Les 400 coups, rappresenta il film confessione della difficile infanzia di Truffaut, il quale racconta la solitudine di un bambino che vive in un mondo ingiusto, quello dei padri, che non dà speranza di apertura verso la novità. Nel finale del film, il bambino, fuggito dal collegio in cui la famiglia lo aveva rinchiuso, corre senza sosta verso il mare e l’inquadratura per un attimo si ferma sul volto ansioso e sperduto. Il mare che lo attende, testimonia la speranza, reale possibilità di libertà, offerta all’individuo. Godard suo collega e in un certo senso rivale, di questo film disse “Il film più libero del mondo. Moralmente parlando e anche esteticamente”.

Dopo questo esordio, la sua produzione cinematografica fu fittissima e noi vogliamo ricordare, tra gli altri, gli stupendi successi di Jules et Jim nel 1961, storia di un triangolo amoroso con protagonista la provocatoria Jeanne Moreau; Fahrenheit 451 del 1966, tratto dall’omonimo romanzo fantascientifico-distopico di Ray Bradbury. Grandissimo film che ispirerà molto del cinema fantascientifico contemporaneo; e ancora, La sposa in nero del 1968, sempre con la bella Jeanne Moreau, che servì da modello addirittura a Quentin Tarantino per Kill Bill.

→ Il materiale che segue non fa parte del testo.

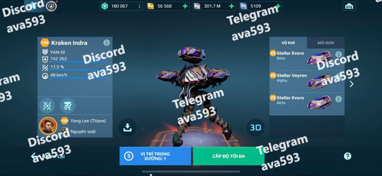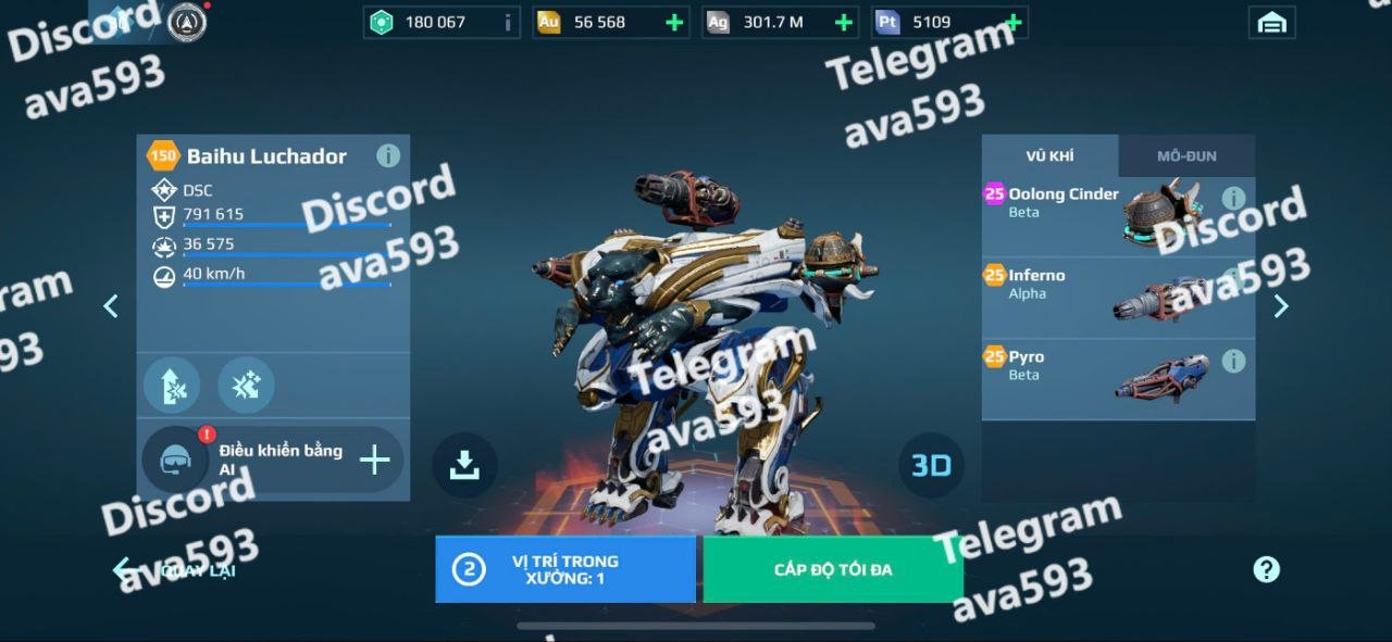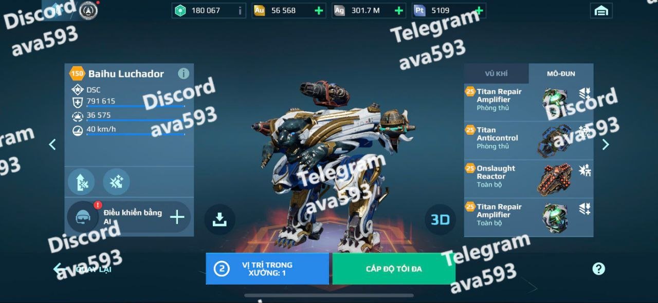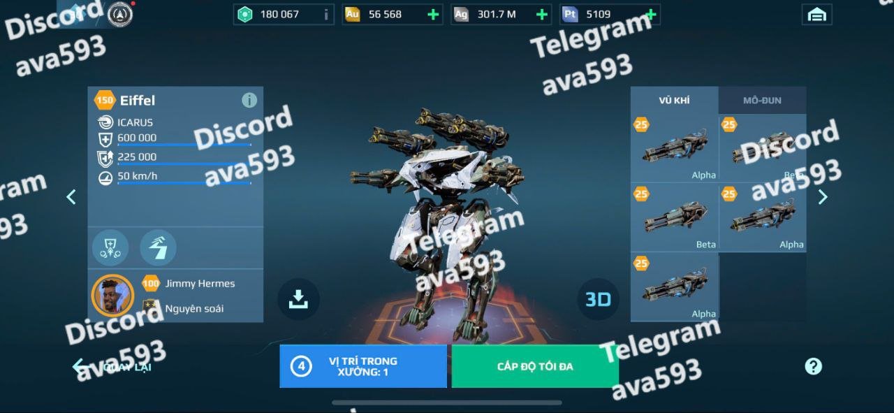 High-level damage and defense modules equipped across all robots.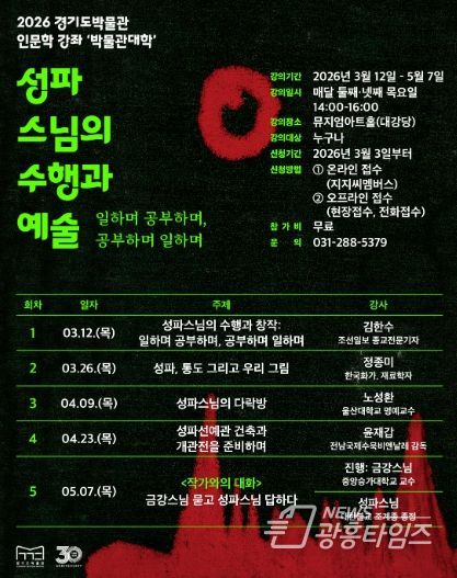 또한, 경기도박물관은 본 전시와 연계해 ‘성파스님의 수행과 예술-일하며 공부하며, 공부하며 일하며’를 주제로 인문학강좌(5회)를 마련했다. 3월 26일에는 ‘성파, 통도 그리고 우리 그림’이라는 주제로 정종미 한국화가가 미술재료를 탐구하는 강의를 진행한다. 자세한 내용은 경기도박물관 누리집(musenet.ggcf.kr) 참고.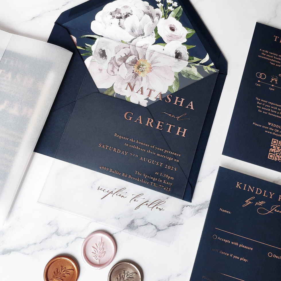 The Acrylic Navy Rose Gold Wedding Invitation by Feel Good Invites is a luxurious and modern invite printed on clear perspex acrylic, featuring elegant rose gold foil text. Coordinating navy backing cards and envelopes, along with a floral envelope liner, create a sophisticated and stylish stationery suite.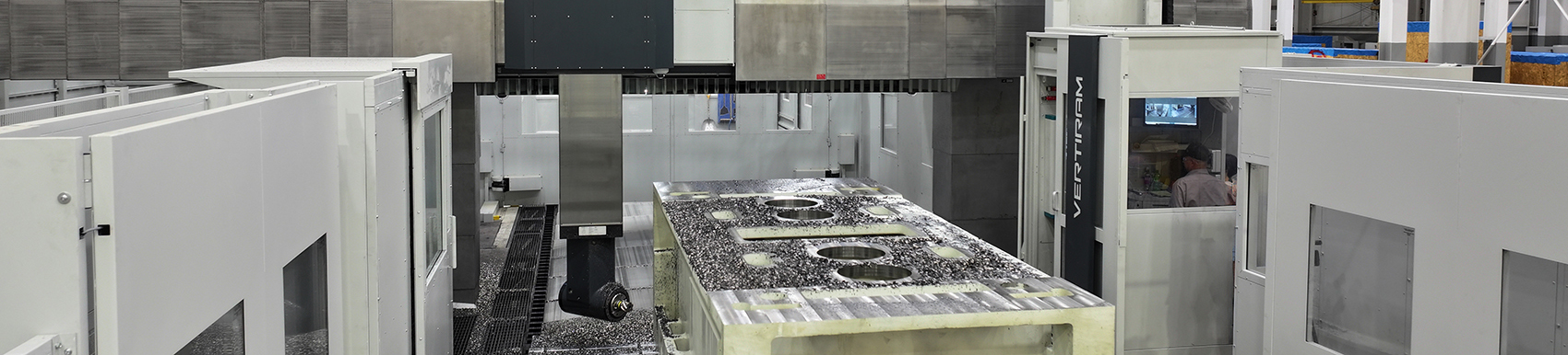 Capable of high accuracy, five-sided machining of heavy components, the Pama Vertiram has been highly customized to include two 4000mm x 7000mm tables with 10 spindle units including vertical, right angle, and universal configurations. The table weight capacity will hold up to 100 tons.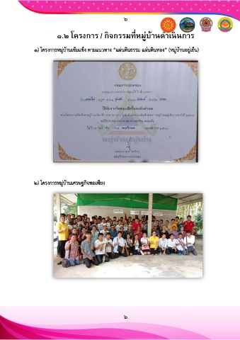 6 ่ ่ ี ๑.๒ โครงการ / กิจกรรมทหมูบ้านด าเนินการ ๑) โครงการหมู่บ้านเข้มแข็ง ตามแนวทาง “แผ่นดินธรรม แผ่นดินทอง” (หมู่บ้านอยู่เย็น) ๒) โครงการหมู่บ้านเศรษฐกิจพอเพียง 6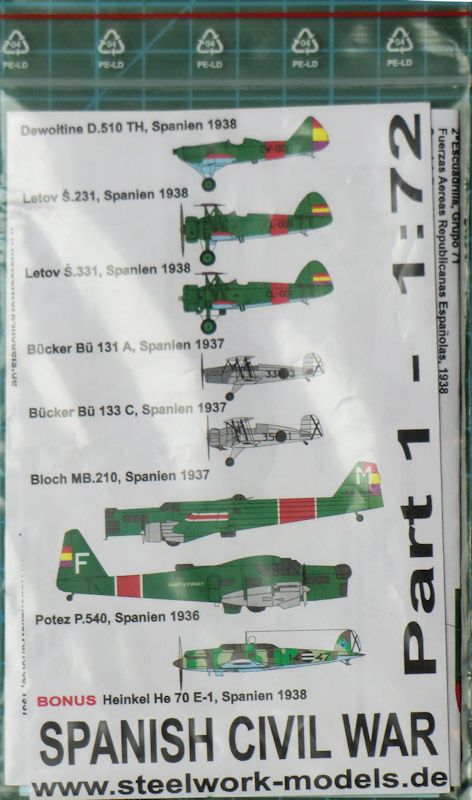 Für die Modellbauer mit Schwerpunktthema Spanischer Bürgerkrieg hat Steelwork Models einen Decalsatz herausgebracht. Es gibt eine schöne mehrfarbige Bauanleitung und Farbhinweise in Englisch und Deutsch.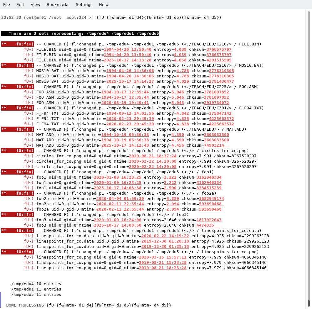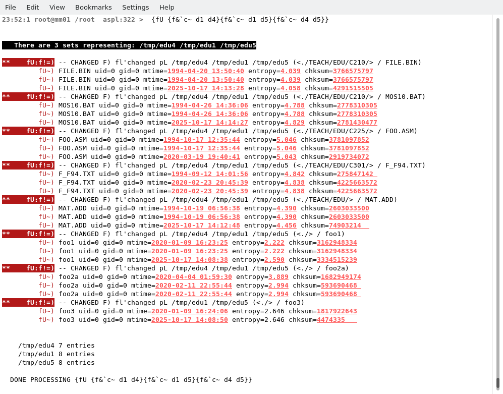 Finding Files with the Same Name but with Different ContentsIn this example, the three set variables d1, d4, and d5, represent the groups of files in three directories /tmp/edu1, /tmp/edu4, and /tmp/edu5, respectively. We want to find these files having the same name but their contents are different.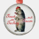Este humorístico ornamento navideño muestra un cerdo con una corona y nos advierte que nos festejemos en pavo, ¡NO en tocino! De un ilustracion vintage. Puede ordenar esta imagen en un ornamento de círculo liso, una forma cardíaca o un cuadrado, según elija.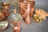 3084. Parti trä/metall, bl.a koppar högsta 31 cm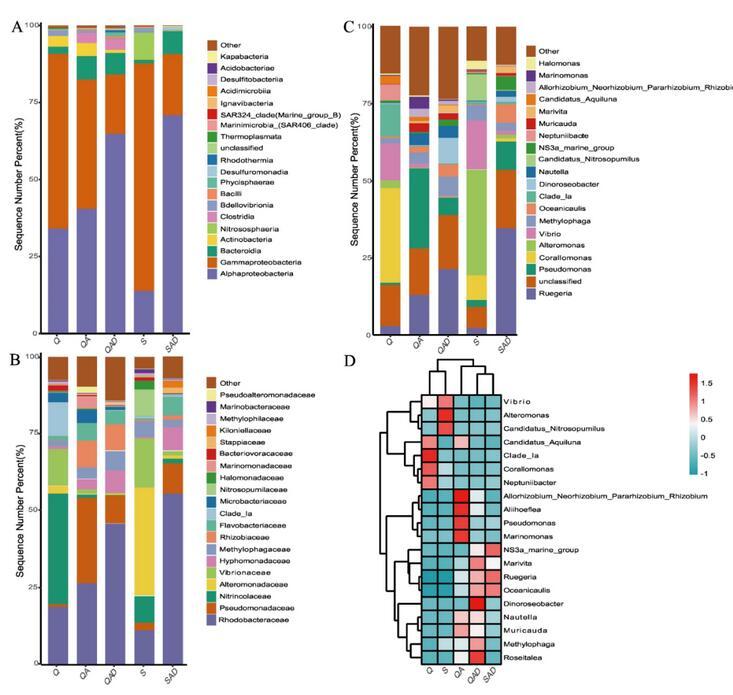 圖7.細(xì)菌組成。(A)綱水平上樣本OTU的分布。(B)科水平上樣本OTU的分布。(C)屬水平上樣本OTU的分布。(D)屬水平上樣本細(xì)菌群落組成。S&Q:S-或Q-海水中的細(xì)菌組成。QA:寧波3號(hào)Q-海水中培養(yǎng)的藻際細(xì)菌組成。SAD&QAD:在添加有D.shibae的寧波3號(hào)S-或Q-海水中培養(yǎng)的藻際細(xì)菌組成。

Ricordiamo anche Baci rubati dello stesso anno, Non drammatizziamo è solo questione di corna e L’amore fugge dei primi anni ’70; Adele H. nel 1975, che narra la storia realmente accaduta di Adele Hugo, figlia minore del famoso scrittore Victor Hugo, che impazzì a causa dell’amore non corrisposto per un ufficiale inglese, che ella seguì prima ad Halifax, nella Nuova Scozia, e poi a Barbados. L’ultimo dei tanti amori di Truffaut fu l’attrice Fanny Ardant con cui girò il provocatorio La donna della porta accanto 1981 e Finalmente domenica nel 1983, e dalla quale ebbe una figlia, Joséphine, il 28 settembre 1983.

François Truffaut apparì anche come attore in diversi suoi film, interpretando brevi camei (ad esempio in Adèle H e L’uomo che amava le donne) o anche ruoli da protagonista, come in Effetto notte, La camera verde e Il ragazzo selvaggio. Nel 1977, recitò in Incontri ravvicinati del terzo tipo di Steven Spielberg, nel ruolo dello scienziato francese Lacombe. Spielberg era infatti un grande ammiratore di Truffaut.

Il regista, nato il 6 febbraio del 1932, ammalatosi di tumore al cervello, fu operato tardivamente, e morì il 21 ottobre 1984 nell’Ospedale Americano di Parigi a Neuilly-sur-Seine. Cremato nel cimitero Père Lachaise, le sue ceneri oggi si trovano al cimitero di Montmartre a Parigi.